> What the exercise asks
Leaving out the pictures, return word for word the stretch of entries below from the line holding "国侨办机关篮球队与华大教授篮球队友谊赛现场(张为健 摄)" through the line holding "Helicóptero se desploma".

######

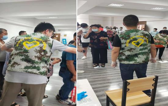 在核酸集中采樣點(diǎn),志愿服務(wù)隊(duì)隊(duì)員身穿退役軍人志愿者服務(wù)服裝,精神抖擻,在核酸采集工作組的統(tǒng)一安排下開展協(xié)助群眾登記資料、為老弱病殘群體提供幫助、協(xié)助現(xiàn)場防護(hù)和維護(hù)秩序等志愿活動(dòng)。在志愿者們的引導(dǎo)下,現(xiàn)場秩序井然有條,檢測工作快速高效。“您好,請(qǐng)問登記信息了嗎?”退役軍人志愿者們向群眾提供熱情耐心志愿服務(wù)。每當(dāng)有群眾前來檢測時(shí),志愿者們都會(huì)主動(dòng)上前詢問群眾的信息登記情況,為檢測群眾提供貼心服務(wù)。
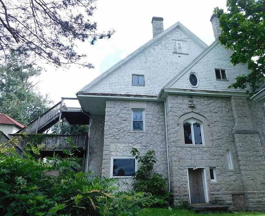 This house is known as “The Castle”. It was designed by architect, Edwin L. Walter. Interesting to see his original sketches of the house. The Castle was built in 1900. It is located on three acres in Scranton, Pennsylvania. The house has some nice features and a lot of work has already been completed. There is new electrical, new plumbing, new roof and two new HVAC units. Eight bedrooms, three bathrooms and 4,561 square feet. $399,999
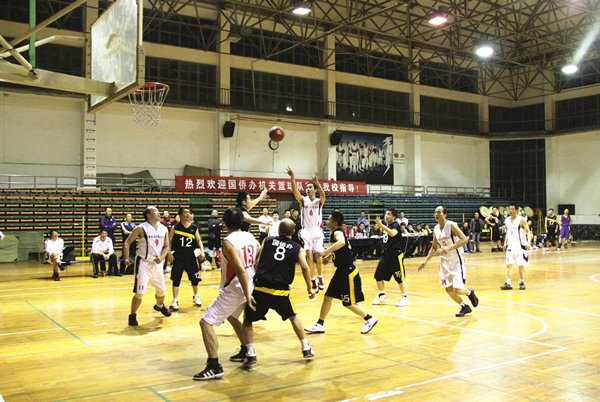 国侨办机关篮球队与华大教授篮球队友谊赛现场(张为健 摄)
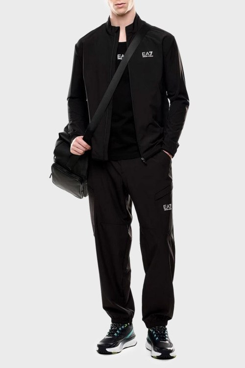Детали: Мужская черная ветровка из полиэстера и эластана от EA7 Emporio Armani (ЕА7 Эмпорио Армани). Классическая длина, высокий воротник-стойка, застежка на молнию, брендированный принт, прорезные карманы
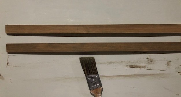 I chose to use some chalk paint and created a bit of a wash look because it gives a similar look to staining but it is much faster, easier and less messy. Just get your paint brush a bit wet and then lightly paint the trim pieces
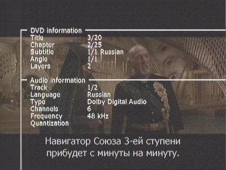Под руку подвернулся DVD диск «Дюна». Ну чтож, вставляем диск. Загружается довольно быстро, сразу запускается воспроизведение. Качество картинки отменное, никаких претензий. Перемотка со скоростью от 8-х до 48-х, хороший звук. При помощи кнопки SETUP можем получить информацию о диске. Русские субтитры отображаются нормально.
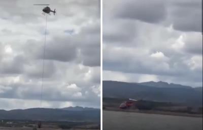 Helicóptero se desploma en presa de Chihuahua, rescatan a tripulantes | VIDEO
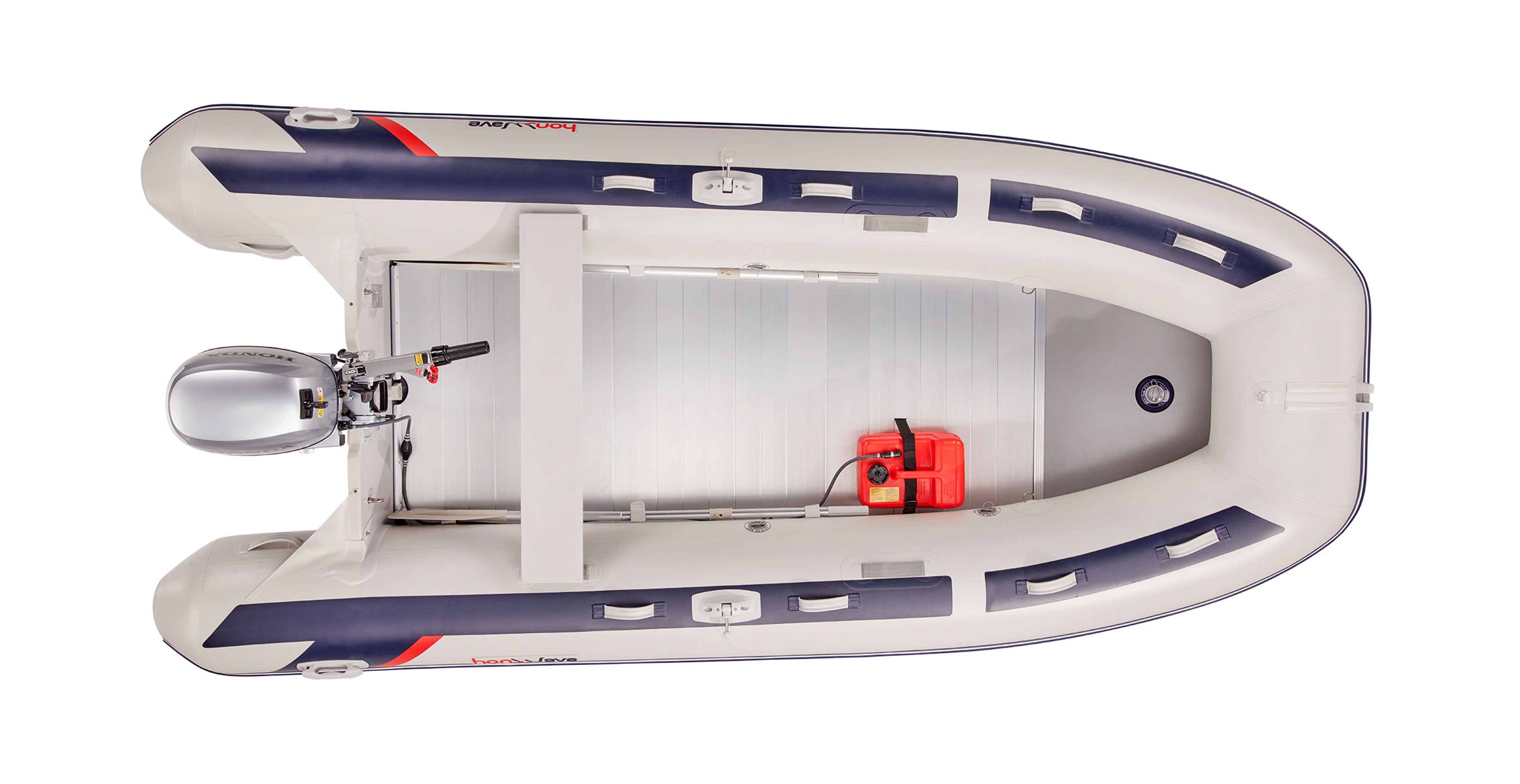 The Honwave Aluminium-Deck T40 AE3 inflatable is designed to deliver exceptional durability, stability, and ease of use for any nautical activity. Constructed from high-quality marine-grade PVC, this model is rugged enough to withstand demanding environments while ensuring smooth and safe cruising with its extra-large buoyancy tubes.
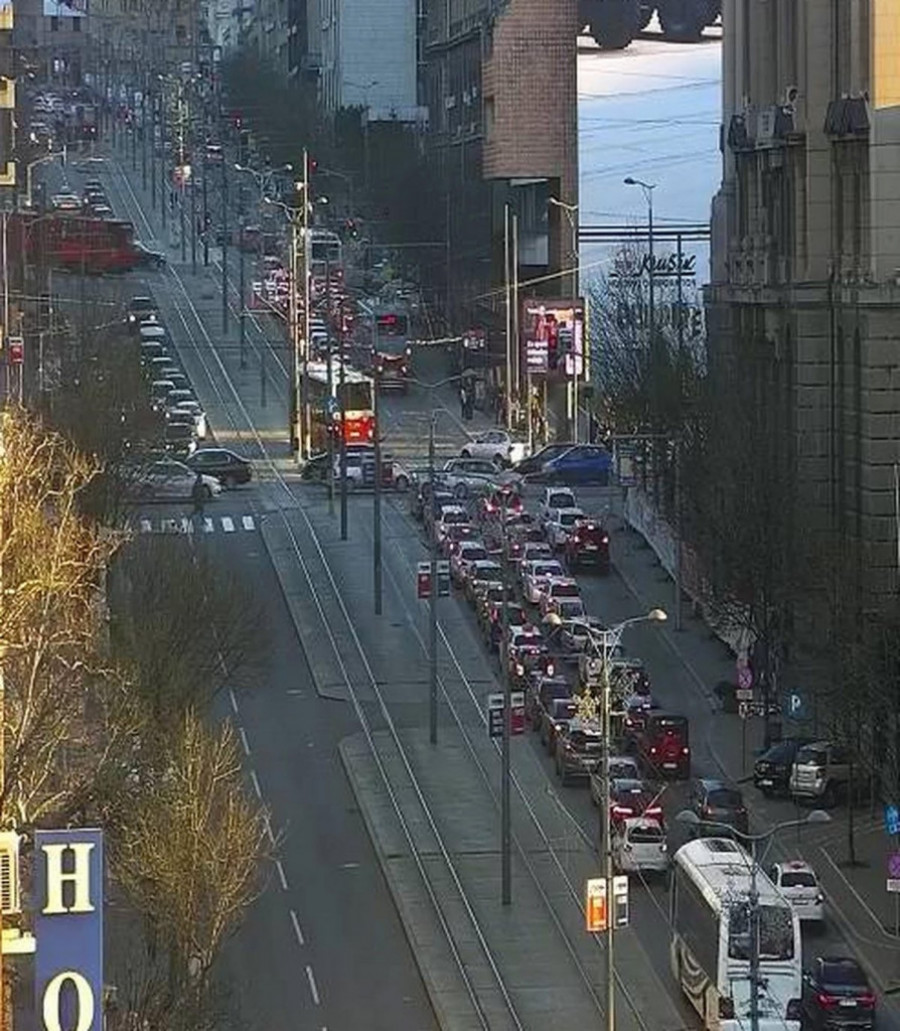 Kolona vozila u ovom trenutku kreće Brankovim mostom, iz pravca Novog Beograda ka centru, a gužve počinju u Bulevaru Mijajla Pupina, nešto pre TC "Ušće". Dalje se nastavljaju preko mosta i Brankovom ulicom.

######

> Expected answer
 国侨办机关篮球队与华大教授篮球队友谊赛现场(张为健 摄)
Детали: Мужская черная ветровка из полиэстера и эластана от EA7 Emporio Armani (ЕА7 Эмпорио Армани). Классическая длина, высокий воротник-стойка, застежка на молнию, брендированный принт, прорезные карманы
 I chose to use some chalk paint and created a bit of a wash look because it gives a similar look to staining but it is much faster, easier and less messy. Just get your paint brush a bit wet and then lightly paint the trim pieces
Под руку подвернулся DVD диск «Дюна». Ну чтож, вставляем диск. Загружается довольно быстро, сразу запускается воспроизведение. Качество картинки отменное, никаких претензий. Перемотка со скоростью от 8-х до 48-х, хороший звук. При помощи кнопки SETUP можем получить информацию о диске. Русские субтитры отображаются нормально.
 Helicóptero se desploma en presa de Chihuahua, rescatan a tripulantes | VIDEO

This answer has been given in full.